Log a positive experience. Each day, take two minutes to describe one thing that brought joy or satisfaction. I write this in my gratitude journal, along with documenting the other things, below.

Reach out. Connect with at least one person each day to let someone know how and why you appreciate him or her. This may be in person, by phone, handwritten note, email or text.

Exercise. It’s been shown to be more effective than anti-depressants for alleviating depression and anxiety. Thirty minutes a day, especially outdoors, is a good start. Morning exercise is best.

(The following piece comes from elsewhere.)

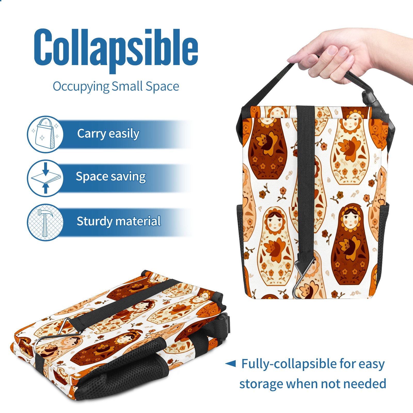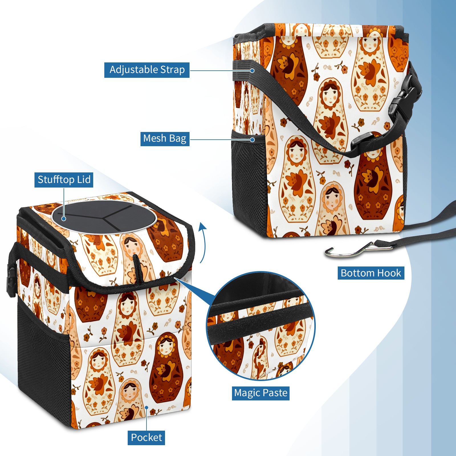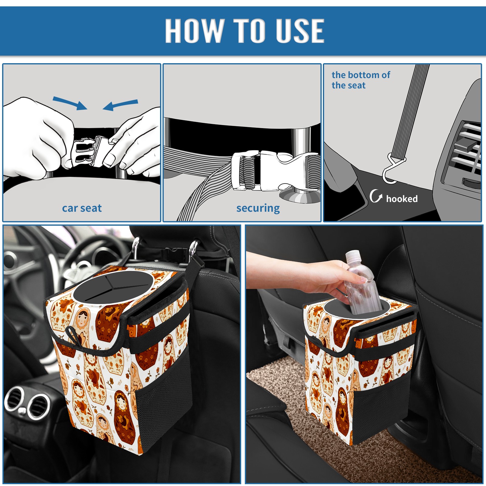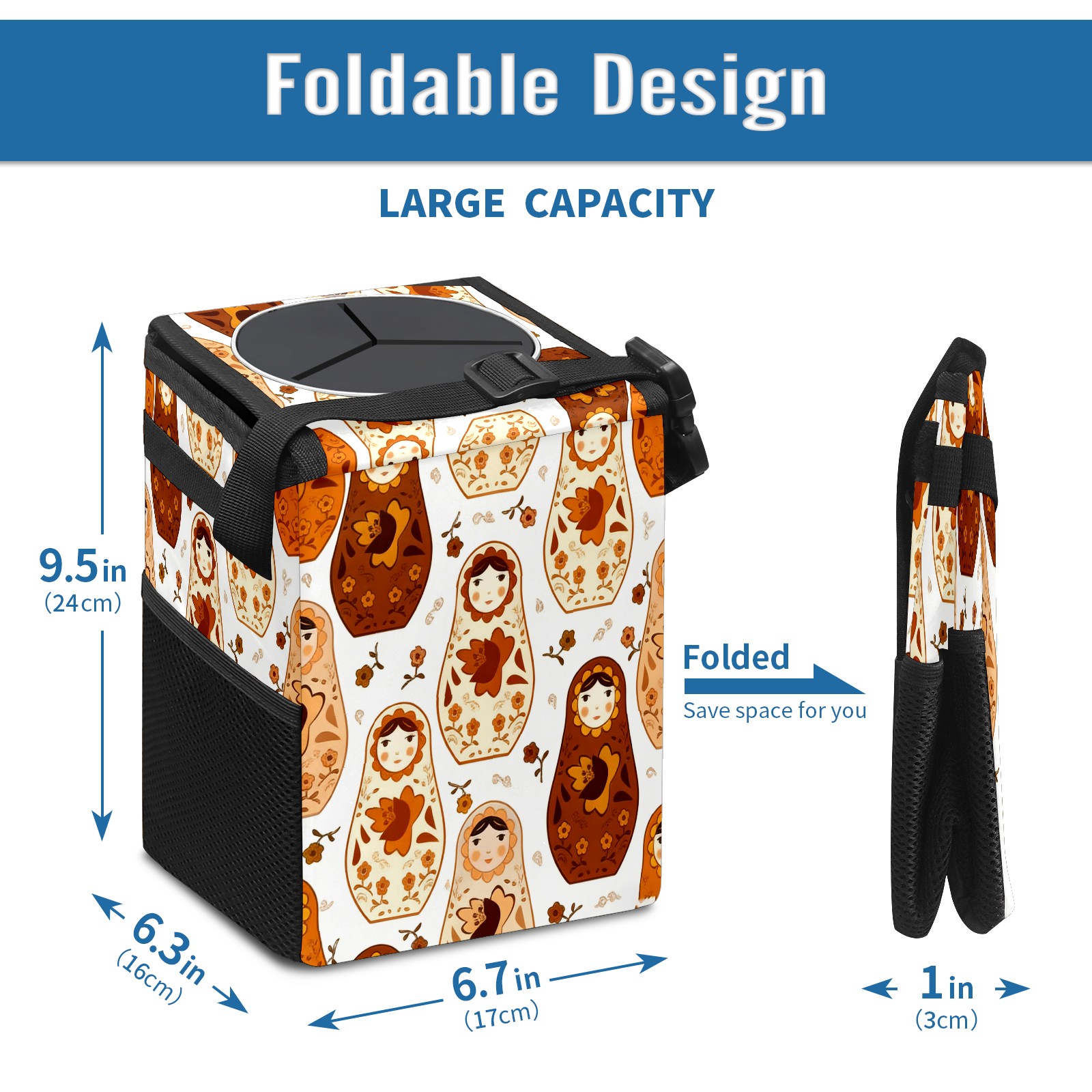 <p><strong> Keep Your Car Spotless!</strong></p><p>Our small, collapsible car trash can is the ultimate solution for a clutter-free ride. With a secure lid, multiple pockets, and stable hanging design, it's a must-have accessory.</p><p><strong>Key Features</strong></p><ul><li><strong>Odor Control:</strong> Rubber-sealed lid traps smells; works with standard trash bags.</li><li><strong>Extra Storage:</strong> Mesh pockets and front pouch keep essentials handy.</li><li><strong>Secure Fit:</strong> Strap and hooks ensure it stays in place on any surface.</li><li><strong>Space-Saving:</strong> Fold flat when not in use to maximize storage.</li><li><strong>Stylish &amp; Durable:</strong> Full-print twill fabric is built to last.</li></ul><p><strong>Specs</strong></p><p>Size: 24*17*16cm | Material: Twill Weave + Webbing | Care: Hand wash, avoid sun exposure.</p>

Breathe. Taking only two minutes per day to focus on your breath can have profound effects on your stress level and your ability to feel more patience, gratitude and joy. Imagine what doing a brief meditation three or four times per day could accomplish. There are guided meditation apps like Calm and Headspace that can help, but simply taking a few minutes throughout the day to attentively ride your breath can be a goldmine of centering peace. In any moment of stress, try the “Pause. What a Pleasure” approach. Stop where you are, take a breath and identify some source of pleasure in that moment.

Create. Whether in the kitchen, workshop, with an instrument or on a page, take some time each day to make something. The creative process is where our spirit finds solace and gives birth to new life.

Remember impermanence. This, too, shall pass. All things and circumstances are temporary. It is the great truth.

If you need supplemental or pharmaceutical-like support for anxiety and depression, there is a host of plant medicines and supplementation, including amino acid neurotransmitter precursors that can support mood, sleep and sense of well-being. For this kind of help, I am available for appointments.

Although we carry much of the strife of 2020 into the coming year, we can take with us a set of tools and a change in our orientation. Stay with gratitude, wonder and curiosity. Climb on and ride them all the way through to the other side. They will help smooth the path, bring sparks of joy to the journey and deliver us to safer shores. Most importantly, love everyone and everything you can along the way.

May we all find peace in this holiday season and in the new year to come.